The standard Kirin 9030 uses eight ARMv8 CPU cores arranged across performance tiers, with the prime core clocking at 2.75GHz. Its performance cores run at 2.27GHz, while the efficiency cores sit at 1.72GHz, according to early benchmark leaks.

The Kirin 9030 Pro nudges things slightly further with nine ARMv8 CPU cores arranged in a 1+4+4 layout. Clock speeds appear identical to those of the non-Pro part, though testing suggests neither chip is yet running at full speed.

TechInsights has torn down the Mate 80 Pro Max and examined the Kirin 9030 silicon. It confirmed the chip is built on SMIC’s N+3 fabrication process, an evolution of its second-generation 7nm node.

That N+3 label does not mean parity with the 5nm processes from the leading foundries.
TechInsights reckons it lands somewhere between 7nm and 5nm, closer to a stretched 7nm than an actual node jump.

According to the analysis, SMIC achieved this by leaning heavily on DUV-based multi-patterning and Design Technology Co-Optimisation. This means that rather than shrinking everything cleanly, it is squeezing more out of what it already has.
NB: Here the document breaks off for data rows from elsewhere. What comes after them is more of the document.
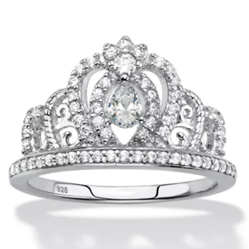 Let your royalty reign supreme. This gorgeously glam crown ring is dotted with sparkling cubic zirconia rounds and features a larger cz pear center that catches the light beautifully. .51 carat T.W. Crafted in shining over sterling silver. Sizes 6-10.Main Stone: 1 Pear Faceted Cut Cubic Zirconia, .16 carat, 4 mm x 3 mmAccent Stone: 65 Cubic Zirconias .35 cttwSterling Silver; Contains 3.10 grams of Sterling SilverMeasures: 21 mm wide x 12 mm long x 3.5 mm high; Shank Width: 2.0 mm wideIncludes gift box and drawstring pouchSterling SilverContains 3.10 grams of Sterling SilverShank Width: 2.0 mm wideDimensions: 21 mm wide x 12 mm long x 3.5 mm highIncludes gift box and drawstring pouch 66 Polished finish Warranty available China Imported Product Specifications 0.96 in x 0.47 in x 0.83 in 0.513 Material & Care Metal, Sterling silver Clean with a soft cloth.
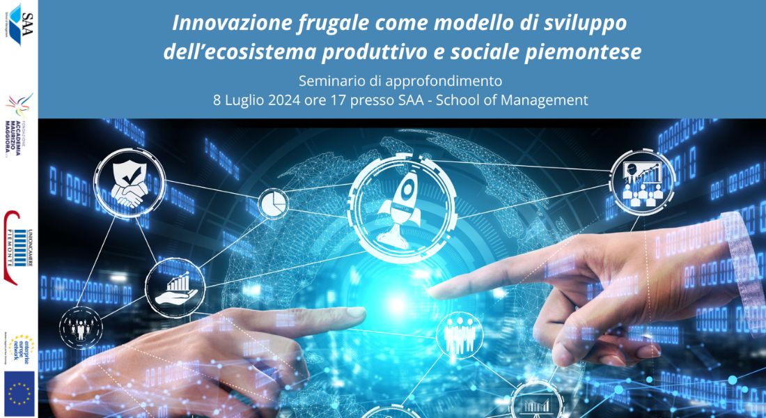SAA School of Management, Fondazione Accademia Maurizio Maggiora, Unioncamere Piemonte e Enterprise Europe Network sono lieti di invitarvi all’evento dal titolo “Innovazione frugale come modello di sviluppo dell’ecosistema produttivo e sociale piemontese” che si terrà l’8 luglio alle ore 17.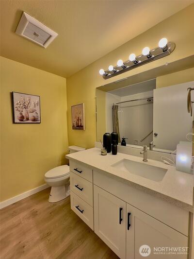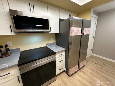 Great investment opportunity across from Microsoft campus. Just 0.7 miles to Overlake Center and the upcoming Overlake Light Rail Station to downtown Seattle, scheduled for 2030. Located in the top-rated Bellevue School District. Ground-floor end unit with patio and southern exposure. 2 bedrooms with walk-in closets and 1 bathroom. BRAND NEW remodeled kitchen with walk-in pantry. Recent upgrades: paint, laminate flooring, baseboards, cabinets, sinks, faucets, toilet, heaters, switches, outlets, and light fixtures. Coin-operated laundry on same floor. Community amenities: pool, tennis court, gated mailroom, and ample visitor parking. Strong rental demand and future appreciation potential.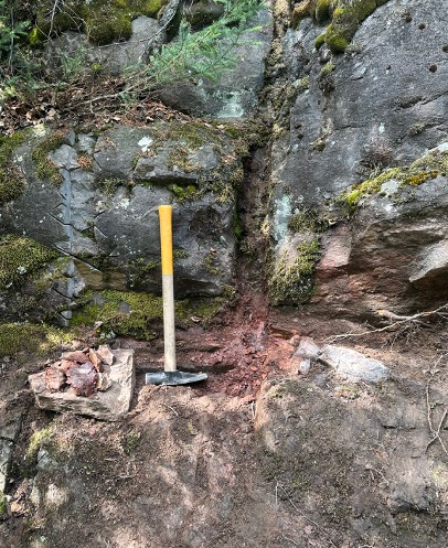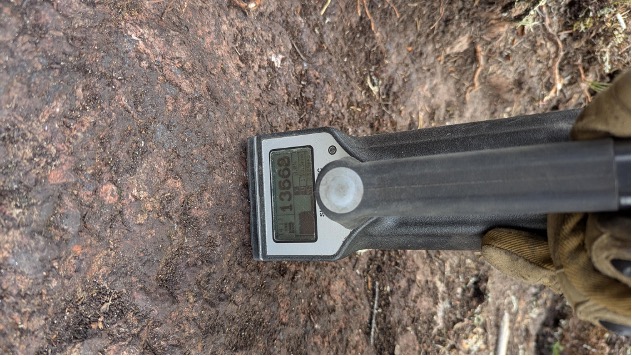 Figure 4. Newly discovered hematized magnetite-rich pegmatitic orthogneiss reaching upwards of 13,500 cps, in the T-Lake area.

DUV lithography relies on 193nm ultraviolet light, and by repeating patterning steps, it can carve finer structures. The catch is complexity, cost and a rising risk of defects with every extra step. DTCO tries to soften those problems by tuning design, manufacturing and yield together.
Used alongside aggressive multi-patterning, it helps limit edge-placement errors that would otherwise spiral out of control.

TechInsights found little evidence of significant improvements in fin pitch, contacted poly pitch or core transistor geometry. Front-end transistor scaling appears static mainly in the N+3 process.

Instead, most of the gains seem to come from the back end of the line, where interconnects are refined. That approach is risky because BEOL scaling with DUV demands extreme alignment accuracy, or yields fall off a cliff.

Each additional patterning step adds line roughness and defect exposure, making the whole flow fragile. It is a high-wire act rather than a comfortable manufacturing strategy. The Kirin 9030 shows SMIC is prioritising design discipline over any true lithographic shrink.
There is only so much performance left to unlock from DTCO before physics taps out.

Advanced packaging could still offer SMIC some headroom. For mobile application processors like Kirin 9030, though, that trick matters far less than it does in the server world.